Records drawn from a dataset
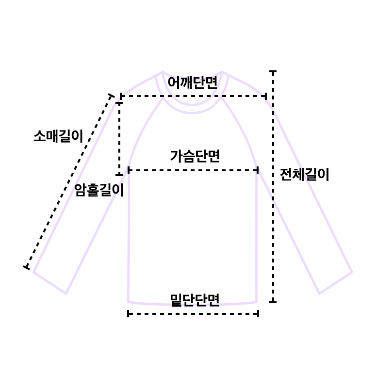| Size (cm) | 어깨 | 가슴 | 암홀 | 소매 | 밑단 | 총장 |
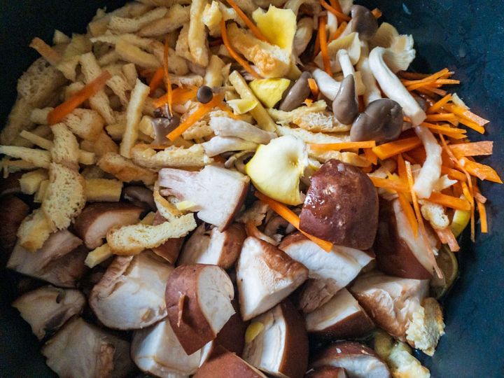 1.きのこ類の下処理をする。しめじの石づきをとり、全てのきのこを食べやすい大きさに切ったり、房を手で分けサッと洗う。
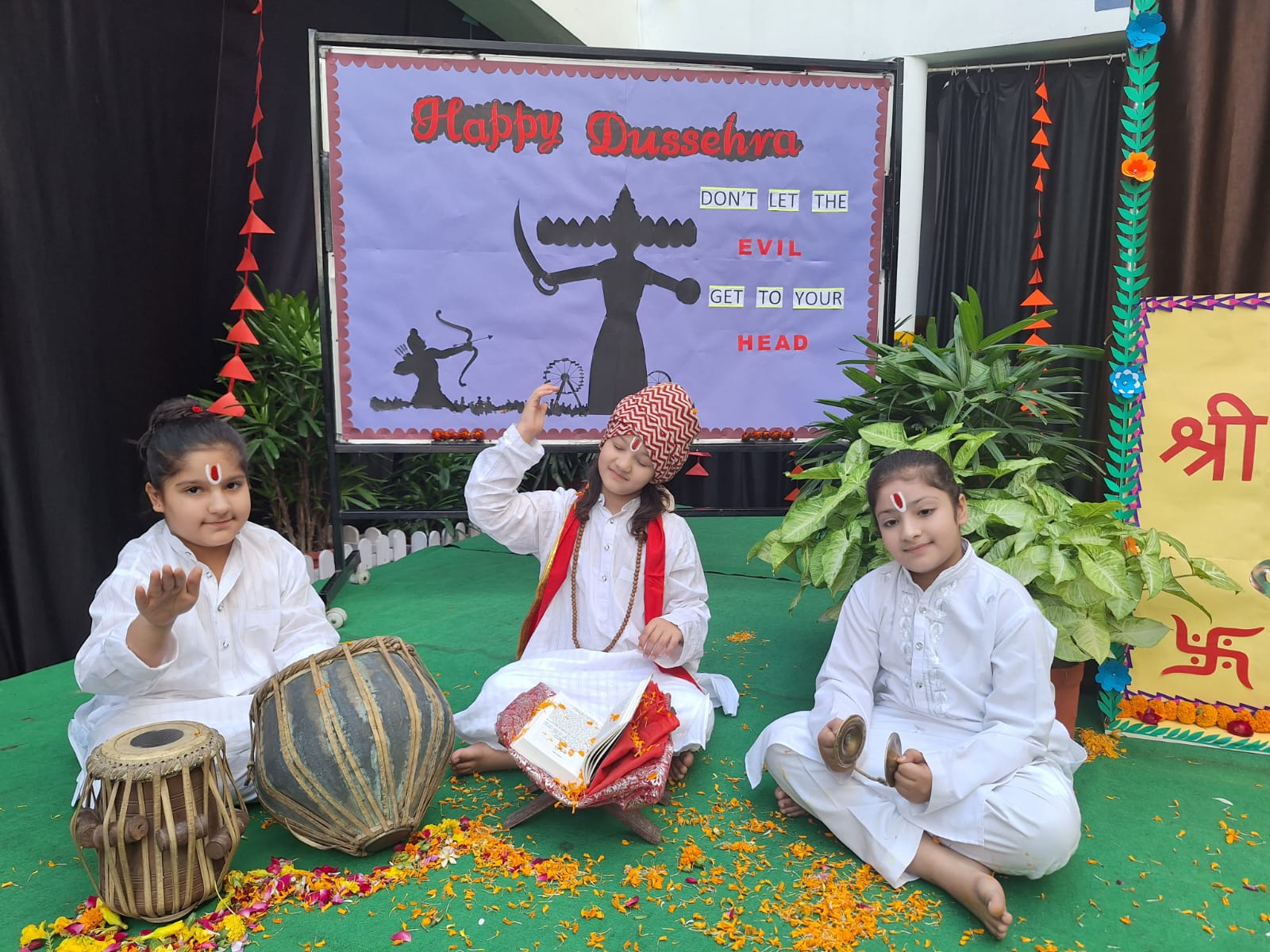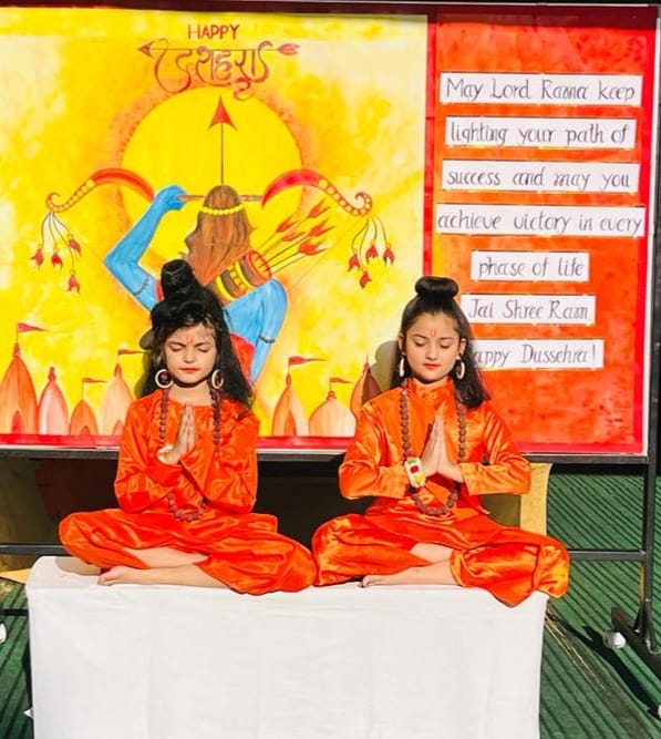 Dussehra is the symbol of the victory of good over evil and indeed an occasion for students to imbibe truthfulness, politeness, honesty, dedication, devotion to the work etc. to transform them into good human beings. MPGS Shastri Nagar organized a special assembly for the same. The celebration commenced with the recital of a Hymn followed by the musical depiction of the glimpses of the Ramayan. The melodious recital filled the premises with positive vibes mesmerising everyone. Indeed the indomitable spirit to fight against evil, compassion, love, affection, care can prevail peace and harmony in the world. Madam Principal Mrs Sapna Ahuja conveyed the message to overcome arrogance, ego, stubbornness to grow as a good human being.
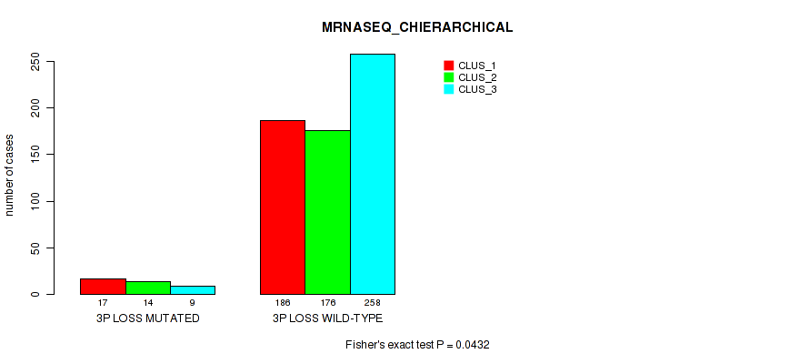 3p loss cnv correlated to 'MRNASEQ_CNMF', 'MRNASEQ_CHIERARCHICAL', 'MIRSEQ_CNMF', 'MIRSEQ_CHIERARCHICAL', and 'MIRSEQ_MATURE_CHIERARCHICAL'.
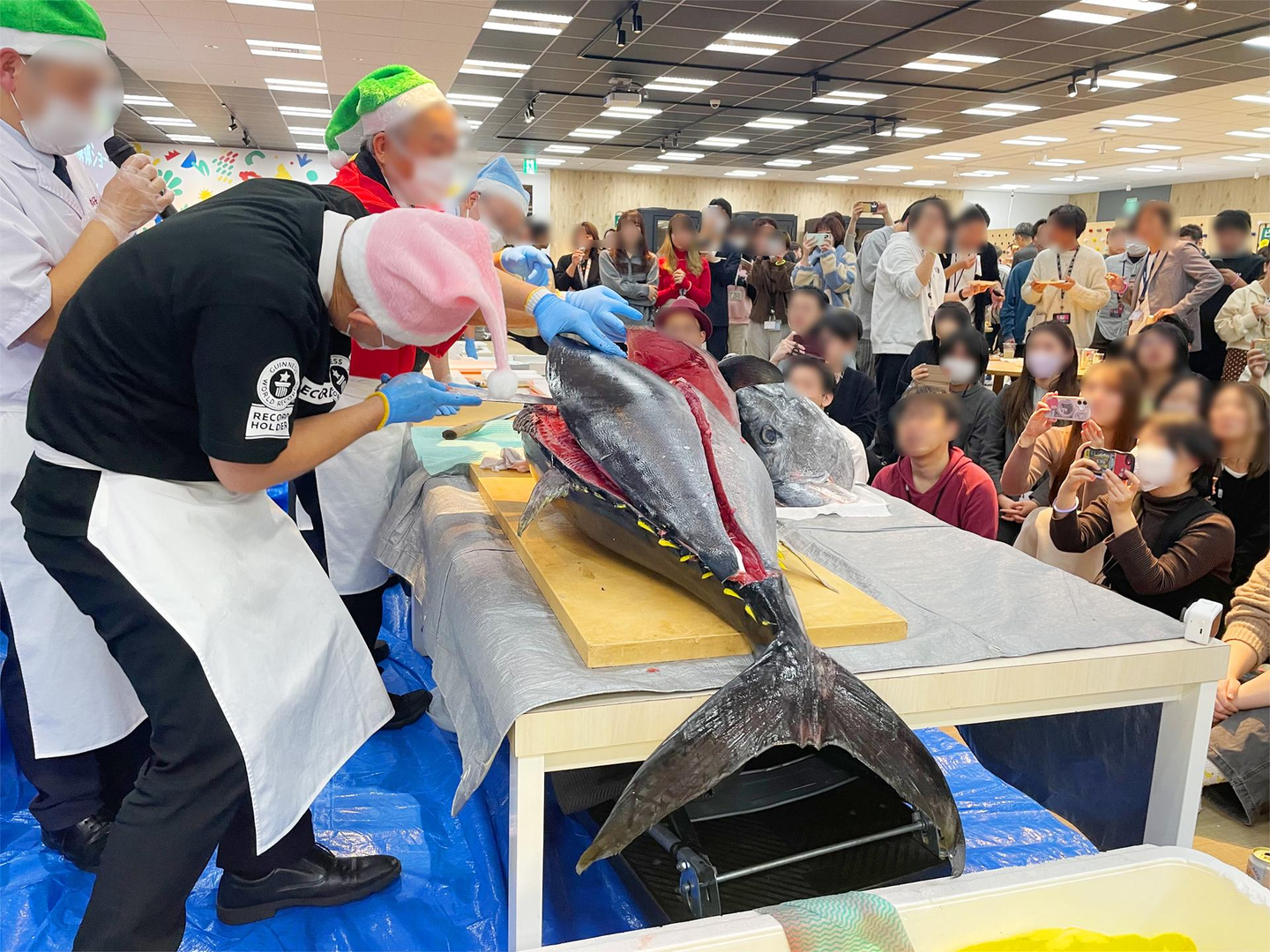プロの職人さんをお招きし、目の前で鮮やかな手つきでマグロがさばかれていく様子に、参加者全員が釘付けになりました。
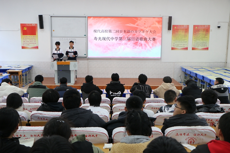 为扎实推动学校双外语教学,丰富同学们校园文化生活,激发同学们日语学习热情,1月3日下午,寿光现代中学举行了“第二届日语歌曲大赛”。
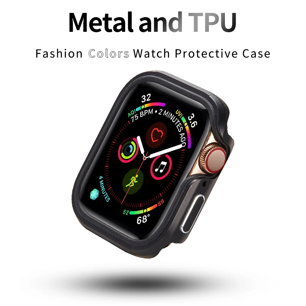 Металлический + ТПУ защитный чехол из сплава для Apple Watch серии 7 6 SE 5 4 Чехол 41 мм 45 мм 44 мм 40 мм бампер для iWatch жесткая рамка
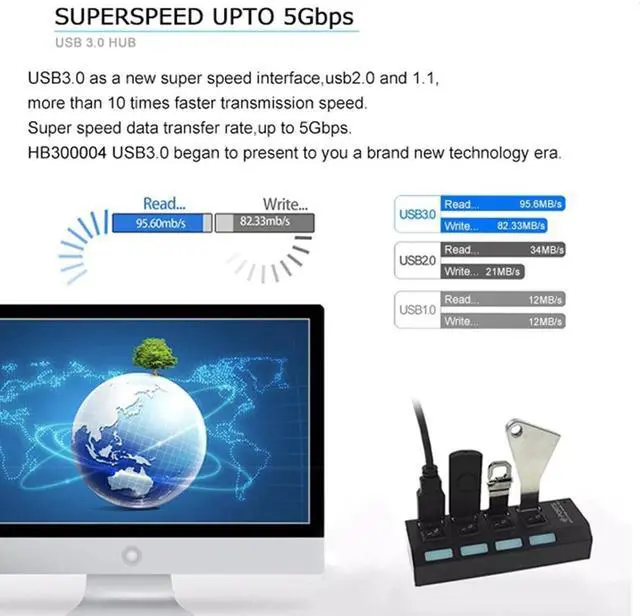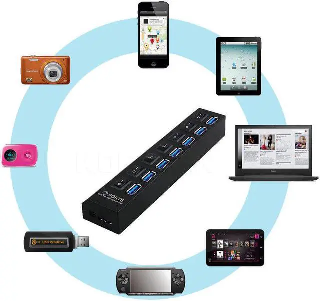 7-port USB 3.0 hub with super speed transfer rate up to 5Gbps
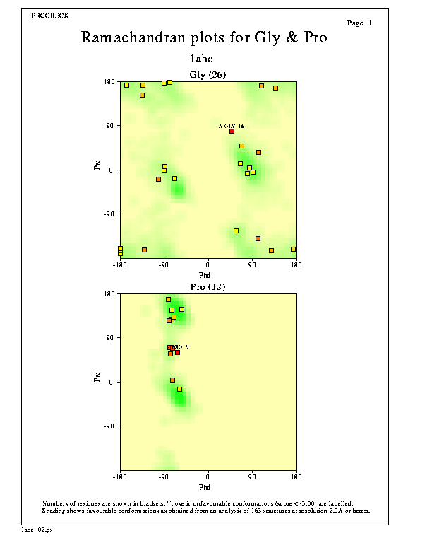 The favourable- and unfavourable regions of both these residue types differ markedly from those of the other residues. The darker the shaded area on the plots, the more favourable the region. The data on which the shading is based has come from a data set of 163 non-homologous, high-resolution protein chains chosen from structures solved by X-ray crystallography to a resolution of 2.0Å or better and an R-factor no greater than 20%.
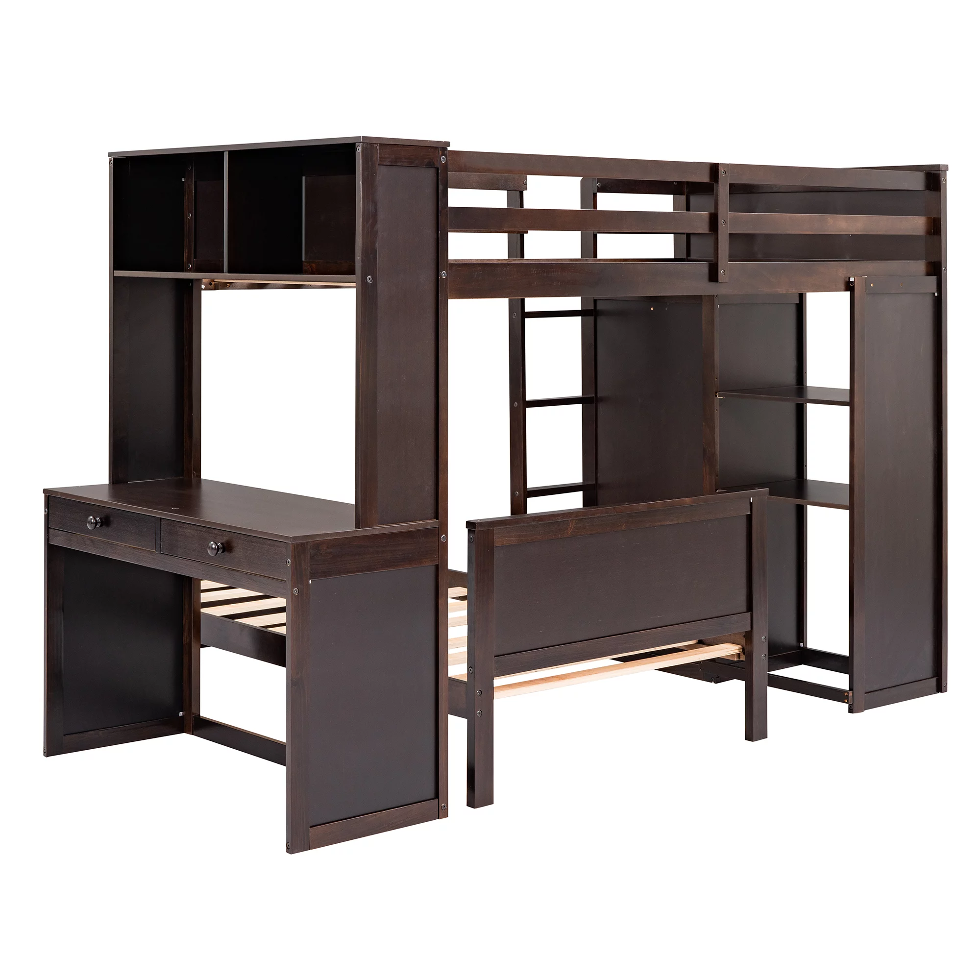 Dark Walnut & Dark Oak Solid Wood Queen Bedroom Set 5pcs FOA CM7363 Fulton
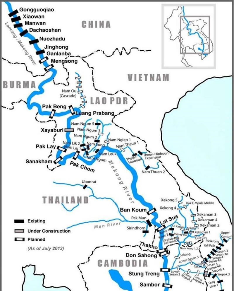 메콩강협의회 Mekong River Commission에는 메콩강 유역의 상태를 모니터링하고 있는데, 2019년 12월의 기사를 보면 기후변화보다 메콩강의 댐 설치가 강의 수위변화에 더 큰 영향을 미치고 있다고 한다.
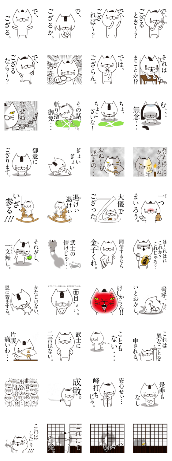 武士語を話す猫侍のスタンプです。カワイくてシュールなねこが武士語でトークを盛り上げます。
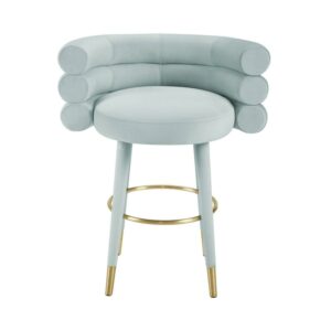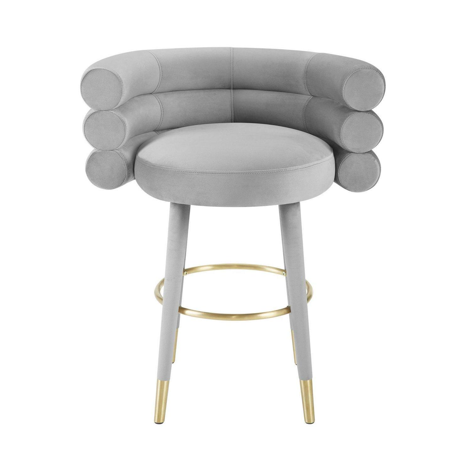 TOV Furniture Betty Grey Velvet Counter Stool with Gold Tipped Legs
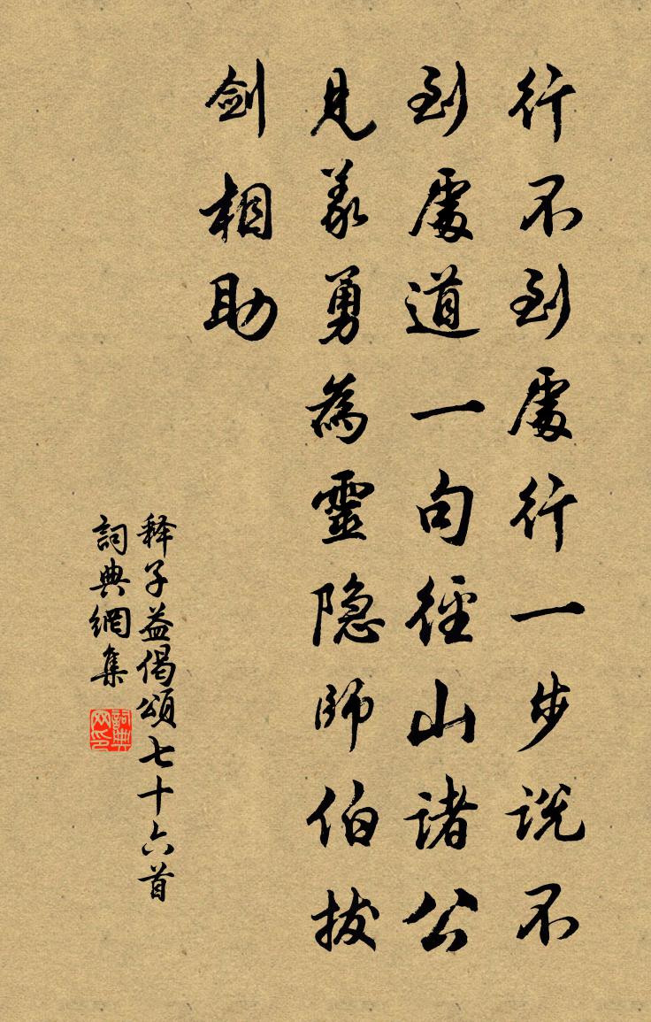 詩詞名句歷史字典書法欣賞書法字典國語詞典說文解字康熙字典古漢語字典標 題 作 者 詩 句 偈頌七十六首作者:釋子益 朝代:宋代偈頌七十六首原文行不到處行一步,說不到處道一句。徑山諸公見義勇為,靈隱師伯拔劍相助。詩詞問答問:偈頌七十六首的作者是誰?答:釋子益問:偈頌七十六首寫於哪個朝代?答:宋代釋子益偈頌七十六首書法欣賞偈頌七十六首書法作品詩詞推薦謝賜珍珠江采萍〔唐代〕柳葉雙眉久不描,殘妝和淚污紅綃。長門盡日無梳洗,何必珍珠慰寂寥。周侯祠釋印〔宋代〕將軍手持三尺劍,奮身直入蛟龍穴。至今魚鱉不敢游,溪流上下皆腥血。千年廟食未足酬,問之父老何其憂。害人四疊劉克莊〔宋代〕不曾解佩獻明璫,莫比徐妃與壽陽。五出至今污宋史,半妝當日怨蕭郎。避寇遷居郭內風雨悽然鄭顧道餉酒曾幾〔宋代〕煙雨昏昏一月梅,全家避賊寄城隈。欲尋碧落侍郎去,遽沐青州從事來。令我妻孥爭洗盞,想公伯仲政傳杯。安能右軍留女帖贊岳珂〔宋代〕或真或摹,斯焉取諸,是出於偃月儲。垂胄同仇,於門之魚,予將比乎邾。送魏德源倅永康李流謙〔宋代〕晚歲從誰覓賞音,浪將孤興托瑤琴。聊為風月平分客,莫起山林獨往心。碧草但能供別恨,黃花卻解勸清斟。我猶覽印無在語釋慧空〔宋代〕老胡遺下一則語,匝地普天無不舉。傾湫倒岳是家常,物義不傷多莽鹵。螗螂莫笑夏蜩痴,甘草酷似黃連苦。黃連菩薩蠻(歌妓)蘇軾〔宋代〕繡簾高卷傾城出。燈前瀲灩橫波溢。皓齒髮清歌。春愁入翠蛾。淒音休怨亂。我已先腸斷。遺響下清虛。累累一串移官巴陵行有日矣書呈唐德輿程士和梁和仲於趙蕃〔宋代〕有集能行世,初疑是古人。 * 皆洶湧,小石亦嶙峋。時譽歸讎校,微官尚徼巡。竹塘春水滿,雙鶒會飛馴。浣溪沙(寶林山間見蘭)向子諲〔宋代〕綠玉叢中紫玉條。幽花疏淡更香饒。不將朱粉污高標。空谷佳人宜結伴,貴游公子不能招。小窗相對誦離騷。台城路/齊天樂張炎〔宋代〕翠屏缺處添奇觀,修眉遠浮孤碧。天影微茫,煙痕黯淡,不與千峰同色。憑高望極。向簾幕中間,冷光流入。料得和潘德久喜徐文淵趙紫芝還里徐照〔宋代〕故交南北去,誰復念幽人。夕別驚初見,相知樂似新。竹聲當暑淨,茶味得泉珍。貧與詩相涉,詩清不怨貧。再次韻小雪餘言別陳造〔宋代〕舞霙飛霰鬧中庭,已辦持杯聽渭城。漢水襄山驟漂忽,早梅晚菊自枯榮。雪神作意凌風伯,客子歸途待日兄。蹀躞偈七首釋允韶〔宋代〕秋光清淺時,白鷺和煙島。良哉觀世音,全身入荒草。江神子蘇軾〔宋代〕曲,余嘗作數絕以紀其事矣。玉人家在鳳凰山。水雲間。掩門關。門外行人,立馬看弓彎。十里春風誰指似,斜日過嶺寄子由蘇軾〔宋代〕投章獻策謾多談,能雪冤忠死亦甘。一片丹心天日下,數行清淚嶺雲南。光榮歸佩呈佳瑞,瘴癘幽居弄晚嵐。從此晚望貫休〔唐代〕曠望危橋上,微吟落照前。煙霞濃浸海,川岳闊連天。白鳥格不俗,孤雲態可憐。終期將爾輩,歸去舊江邊。次韻宋履中題李侯檀欒亭秦觀〔宋代〕陰陰數畝籜龍稠,亭外危通一徑幽。頗似竹林當日集,酒狂莫笑阮陳留。讀張氏義莊畫一寄持甫輅院劉宰〔宋代〕叔世誰憐族派同,高情真有古人風。宗分大小稽周典,惠匝親疏比范公。二頃開端能不吝,一編垂訓可無窮。欲書試院唱酬十一首 次前韻三首蘇轍〔宋代〕老去在家同出家,《楞伽》四卷即生涯。粗詩怪我心猶壯,細字憐君眼未花。霜落初驚衾簟冷,酒酣猶喜笑言嘩。名句推薦人皆可以為堯舜。孟子《孟子·告子章句下·第二節》 榮所眾羨,亦引眾怨。來俊臣《羅織經·固榮卷第六》 鷫鸘換美酒,舞衣罷雕龍。李白《怨歌行》 總是愁媒,欲訴誰消遣蘇軾《蝶戀花·蝶懶鶯慵春過半》 智者畏禍,愚者懼刑;言以誅人,刑之極也。來俊臣《羅織經·刑罰卷第十一》 巴山重疊相逢處。燕子占巢花脫樹。張先《漁家傲·和程公辟贈》 遊說萬乘苦不早,著鞭跨馬涉遠道。李白《南陵別兒童入京》 古人今人若流水,共看明月皆如此。李白《把酒問月·故人賈淳令予問之》 秋晚佳晨重物華,高台復帳駐鳴笳。宋祁《九日置酒》 少婦今春意,良人昨夜情。沈佺期《雜詩三首·其三》

:: Your instructions ::
The required result is the entries above, printed exactly from the first line through the line with "1.きのこ類の下処理をする。", pictures excluded.

:: Solution for this problem ::
| Size (cm) | 어깨 | 가슴 | 암홀 | 소매 | 밑단 | 총장 |
 1.きのこ類の下処理をする。しめじの石づきをとり、全てのきのこを食べやすい大きさに切ったり、房を手で分けサッと洗う。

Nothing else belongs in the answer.